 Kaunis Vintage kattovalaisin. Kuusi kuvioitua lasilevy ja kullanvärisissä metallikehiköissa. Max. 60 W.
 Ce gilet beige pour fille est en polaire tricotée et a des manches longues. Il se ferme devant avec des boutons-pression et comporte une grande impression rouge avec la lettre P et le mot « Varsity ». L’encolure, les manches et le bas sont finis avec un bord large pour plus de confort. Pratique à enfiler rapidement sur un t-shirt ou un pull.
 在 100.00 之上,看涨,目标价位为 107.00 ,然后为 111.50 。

---

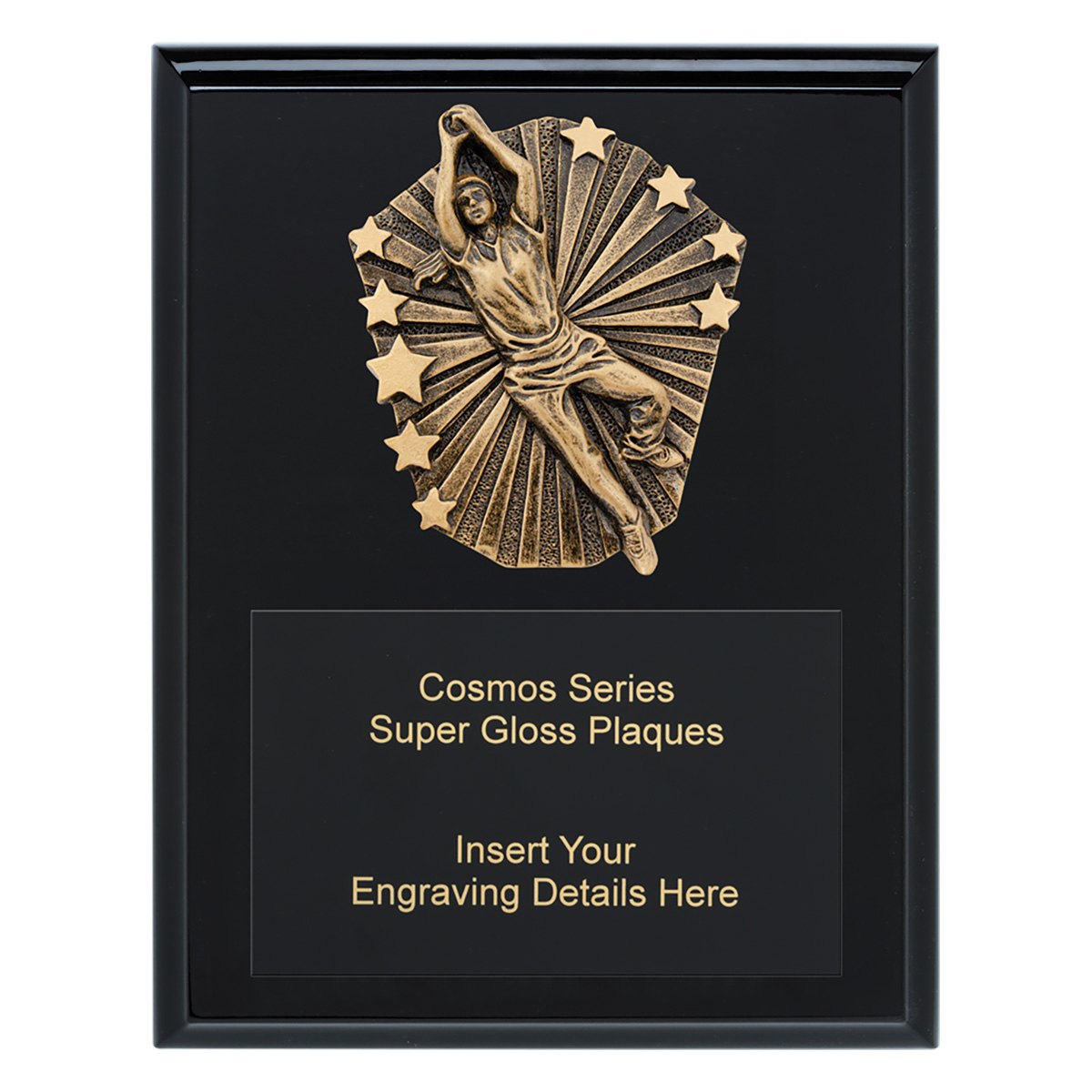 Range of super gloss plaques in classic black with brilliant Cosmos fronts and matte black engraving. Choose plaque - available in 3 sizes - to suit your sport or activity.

**ACTION ITEM:** In the entries above, find the line with "Kaunis Vintage kattovalaisin." and the line with "在 100.00 之上,看涨,目标价位为 107.00 ,然后为 111.50 。", then restate word for word both of them and every line between, with nothing more.

**THE ANSWER:**
 Kaunis Vintage kattovalaisin. Kuusi kuvioitua lasilevy ja kullanvärisissä metallikehiköissa. Max. 60 W.
 Ce gilet beige pour fille est en polaire tricotée et a des manches longues. Il se ferme devant avec des boutons-pression et comporte une grande impression rouge avec la lettre P et le mot « Varsity ». L’encolure, les manches et le bas sont finis avec un bord large pour plus de confort. Pratique à enfiler rapidement sur un t-shirt ou un pull.
 在 100.00 之上,看涨,目标价位为 107.00 ,然后为 111.50 。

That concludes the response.